Тут, вероятно, стоило бы пояснить, что Каролина Ржевусская, в замужестве Собаньская, была предметом страсти и Пушкина (который писал ей проникновенные письма), и Мицкевича. Гораздо позже выяснилось, что она была агентом русского правительства (при том, что царь Николай лично ее по каким-то причинам терпеть не мог). Успехи сестры Каролины по имени Эвелина были куда скромнее: она всего лишь вышла замуж за Бальзака.
– Не сочтите за дерзость, дядюшка, но будь вы на полвека моложе, и я бы начал за вас волноваться, – промолвил Георгий Алексеевич легкомысленным тоном.
– Будь я хоть на четверть века моложе, – парировал князь, – я и сам начал бы волноваться за себя.
Собеседники засмеялись, отдавая должное остроумию друг друга.
– Взгляд на ней отдыхает, – добавил Петр Александрович. – Хотя я должен сказать, что красивые женщины обыкновенно скучны – и вдобавок пустышки. Словно все их внутренние силы уходят на поддержание внешней красоты, и на что-то другое уже ничего не остается.
– Скажите, дядя, – начал Георгий Алексеевич, – а вы знали госпожу Керн?
– Разумеется.
– И какой она была? Я читал в каком-то журнале, что Александр Сергеевич сильно преувеличил ее прелести…
– Госпожа Керн, – с явным неудовольствием промолвил князь, – была прекрасна и производила незабываемое впечатление – точно такое, какое Александр Пушкин описал в своих стихах[6].
– А! А вот скажите, дядюшка… вы всё называете его Александр Пушкин, эдак строго, даже официально. Почему?
– Потому что первым поэтом Пушкиным, с которым я познакомился, был его дядя Василий Львович, – проворчал Петр Александрович. – И я очень его уважал, хотя, кажется, нынешнему поколению его имя уже ничего не говорит…

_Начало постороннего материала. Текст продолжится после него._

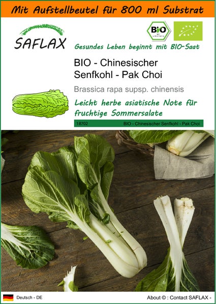 SAFLAX Garden in the bag - BIO - Chinesischer Senfkohl - Pak Choi - Brassica rapa supsp. chinensis - 300 Samen - Mit Anzuchtsubstrat im praktischen, selbst aufstellenden Beutel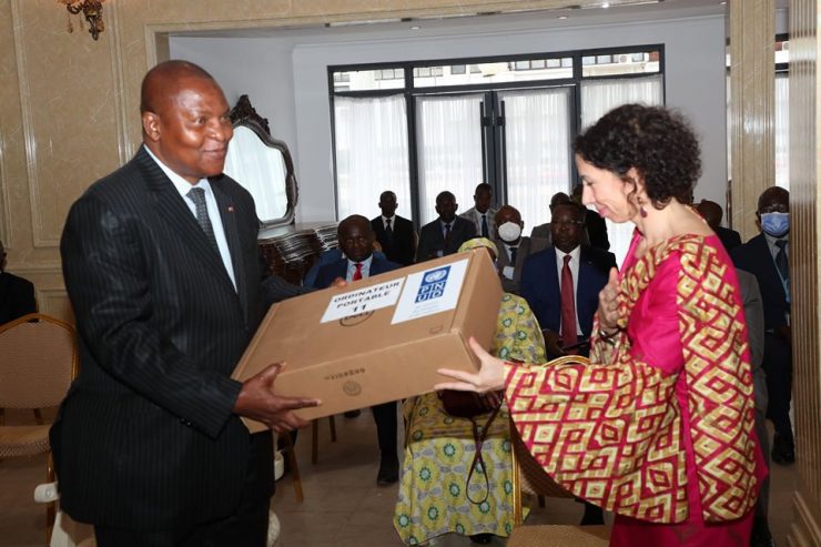 C’est le Président de la République, Son Excellence Pr Faustin Archange TOUADERA qui a réceptionné ces kits informatiques des mains de la Représentante résidente du PNUD en Centrafrique, Mme Nathalie BOUCLY en présence du Premier Ministre Firmin NGREBADA.

Тут Амалия услышала на лестнице чьи-то шаги и была вынуждена самым прозаическим образом ретироваться, то бишь спастись бегством. Она прекрасно понимала, что подслушала разговор, не предназначенный для ее ушей, так же как понимала, что в лицо человеку обычно говорят одно, а за его спиной – совсем другое. Однако намеки Петра Александровича, касавшиеся тех, кого она считала своей семьей, задели ее, а некоторые так вообще не на шутку оскорбили. Когда настало время идти ужинать, она спустилась в столовую не без колебаний, решив, что будет с князем холодна как лед, однако за столом его не оказалось – он сослался на приступ ревматизма и остался у себя во флигеле. Наталья Дмитриевна тоже не вышла к ужину, и Амалии пришлось наблюдать, как Георгий Алексеевич героически старается делать вид, что ничего особенного не происходит, и даже пытается шутить, а сыновья встречают его потуги упорным молчанием.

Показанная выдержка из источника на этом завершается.